O papo parece fúnebre demais, não é? Mas a vida é assim: rápida e inesperada. Então por que gastar energia com besteira? Não se engane, você não é imortal e o dinheiro não dura para sempre.

Talvez seja hora de rever a maneira como você encara seus problemas. Será que você não está desperdiçando muita energia com coisas que não valem a pena? E esse estresse todo não vai acabar lhe trazendo um problema real de saúde?

Conclusão

Não há dúvida de que nossas finanças são parte integrante de nossas vidas. E que, como tudo, devem ser tratadas com carinho e atenção. Mas, no fim, o dinheiro é apenas uma ferramenta e não um fim – muito menos deve se tornar obsessão, onde todas as relações pessoais são mercantilizadas, de forma a se “dar preço a tudo”: filhos, casamento.

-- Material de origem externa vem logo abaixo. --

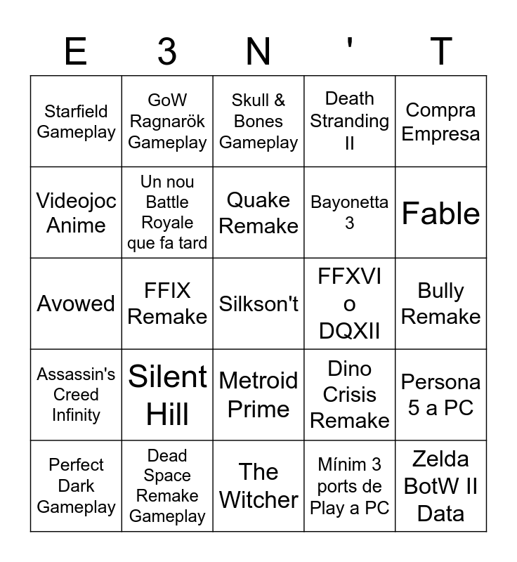 This bingo card has a free space and 24 words: Silent Hill, Dead Space Remake Gameplay, Quake Remake, Perfect Dark Gameplay, Compra Empresa, Starfield Gameplay, Videojoc Anime, GoW Ragnarök Gameplay, FFXVI o DQXII, Metroid Prime, Bayonetta 3, Avowed, Dino Crisis Remake, Persona 5 a PC, Un nou Battle Royale que fa tard, Mínim 3 ports de Play a PC, Bully Remake, Skull & Bones Gameplay, Fable, FFIX Remake, Zelda BotW II Data, Assassin's Creed Infinity, Death Stranding II and The Witcher.

Fico consternado cada vez que escuto que “filho é caro”. Que o preço da escola é um absurdo, que a vacina de meningite custa uma fortuna… caro mesmo é perder um filho para uma doença, existindo vacina.

Então, que venham mil manutenções, multas ou qualquer bobagem dessas, se isso for para me livrar de algo realmente ruim, que é ter uma pessoa que amo lutando pela vida em uma cama hospitalar. Que assim seja.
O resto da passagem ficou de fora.